De esta manera, junto al tono mítico y bíblico, la poesía de Vaquerizo celebra, a la vez que analiza, la misma existencia, los elementos que se han ido superponiendo a lo largo de su vida: «Todo va desplazándose. Las piezas / deben superponerse para ser. / La existencia requiere su lugar» (p. 11). Y es ahí, en todo caso, donde reside uno de los grandes aciertos de Quienes me habitan: moldear con maestría experiencias autobiográficas en poemas distanciados, universales, válidos y sugerentes para cualquier tipo de lector. En numerosas ocasiones lo personal, motor de la poesía, deviene en hermetismo, en egos, pero no es el caso, como venimos diciendo, de esta poesía más bien abstracta, suspendida, paradójicamente, en el tiempo, como sucede en el último poema, “Epílogo”: «Ya todo es un remedo de la muerte. / Siempre lo fue. Y espero su venida. / La vida es una sombra de otra vida. / La muerte niega ser su propia muerte. / El tiempo siembra luz sobre lo inerte. / La rosa es una eterna despedida. / Cada segundo abisma más la herida / que a cada uno repartió la suerte. / Espero repetir el mismo verso. / Volver a mis amores, a la hoguera / que aplaca la iracundia de la duda. / Esperaré tendido bajo el torso / techo de luz de henchida primavera / a que del mundo el tiempo me sacuda» (p. 63).

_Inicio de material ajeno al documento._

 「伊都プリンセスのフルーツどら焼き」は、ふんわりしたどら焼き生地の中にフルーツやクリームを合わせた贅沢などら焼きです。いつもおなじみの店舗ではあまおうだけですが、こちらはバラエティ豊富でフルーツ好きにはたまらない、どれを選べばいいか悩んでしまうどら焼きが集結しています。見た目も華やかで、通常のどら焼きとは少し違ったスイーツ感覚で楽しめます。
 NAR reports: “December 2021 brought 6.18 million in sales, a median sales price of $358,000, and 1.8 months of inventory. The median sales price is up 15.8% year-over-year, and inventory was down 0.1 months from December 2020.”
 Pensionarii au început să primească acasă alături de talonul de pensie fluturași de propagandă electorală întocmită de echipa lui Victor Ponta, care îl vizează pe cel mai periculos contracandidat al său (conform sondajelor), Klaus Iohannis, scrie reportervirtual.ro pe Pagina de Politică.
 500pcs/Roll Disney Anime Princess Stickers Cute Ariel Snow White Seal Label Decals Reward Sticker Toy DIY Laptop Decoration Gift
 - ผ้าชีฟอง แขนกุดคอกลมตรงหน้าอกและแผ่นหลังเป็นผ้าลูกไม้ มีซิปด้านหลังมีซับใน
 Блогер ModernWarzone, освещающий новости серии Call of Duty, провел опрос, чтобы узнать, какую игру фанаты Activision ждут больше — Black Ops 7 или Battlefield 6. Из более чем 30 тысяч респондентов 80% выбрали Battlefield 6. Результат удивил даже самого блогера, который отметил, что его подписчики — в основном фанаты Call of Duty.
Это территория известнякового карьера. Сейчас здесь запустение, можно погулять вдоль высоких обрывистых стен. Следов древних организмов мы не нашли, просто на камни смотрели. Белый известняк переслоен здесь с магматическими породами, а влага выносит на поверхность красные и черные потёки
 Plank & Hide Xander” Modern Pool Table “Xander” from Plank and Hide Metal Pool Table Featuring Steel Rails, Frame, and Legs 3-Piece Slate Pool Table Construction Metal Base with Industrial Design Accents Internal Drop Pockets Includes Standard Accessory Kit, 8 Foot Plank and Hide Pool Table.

Y así la suspensión permite, en un último movimiento, un estado de oración dirigido hacia el futuro, una conmemoración de todo aquello que ha sucedido y que, por ende, está por suceder tanto en lo personal («Portas la luz, el nombre de la madre. / Antes de ser, nosotros te nombramos: / “¡Amalia, Amalia, Amalia!”», p. 51), como en lo relacional y el estado del mundo poético actual («Releí a los más grandes: Rilke, Leopardi, Whitman…, / amaneré mi estilo para lograr los suyos, / habité las ciudades que en sus pechos crecieron, / engalané sus tumbas, devoré las lecturas / que con fruición amaron, / adoré a sus amores humanos, fetichistas, / encontré en los espejos sus rostros acechantes, / sufrí persecución por mi ego y sus egos, / no gané ningún premio, me fui yendo de mi / hacia el mar de las sombras de todas mis lecturas», p. 23).

En última instancia, la poesía de Vaquerizo coge del fondo del Vacío los elementos fundamentales de la existencia del ser humano y los moldea hasta dar cuenta, como nuestra propia visión universal, de la mezcla e incoherencia de una alegría desmedida, fruto de una experiencia y un lenguaje esperanzador y, por otro lado, de una sombra muy alargada producida por la intensa luz, de una amargura siempre presente, al fondo de nuestra realidad, que vuelve tras las ensoñaciones con más preguntas, misterios y, como muestra tanto esta obra como el siguiente poema de Daniel Zagajewski, de una vida siempre a medias, en duelo, esperando a renacer: «Y con todo, seguimos viviendo, tranquilamente, / con humildad, con las maletas siempre a punto, / en salas de espera, en aviones, en trenes, // y a ciegas buscamos tenaces la imagen / y forma definitiva de las cosas, / entre inexplicables arrebatos / de muda desesperación, // como si tuviésemos un vago recuerdo / de algo que no podemos recordar, / como si esta ciudad sumergida viajara con nosotros / persistiendo en sus preguntas, // nunca satisfecha con las respuestas, / exigente, perfecta a su manera.» (Antenas, pp. 77-78).

VIII

Lo que no proyectamos, lo que fluye
hacia nuestro interior, lo que sucede
sin ofrecer su rostro,
por los poros del sueño se trasmina.
Sueño execrado gota a gota, lanza
onírica que crece en duermevela,
ignorada verdad que regurgita
incógnitas que ignoran su existir.
Oscura raíz del mundo donde siempre reside
una falta, un pecado que no debe mostrarse.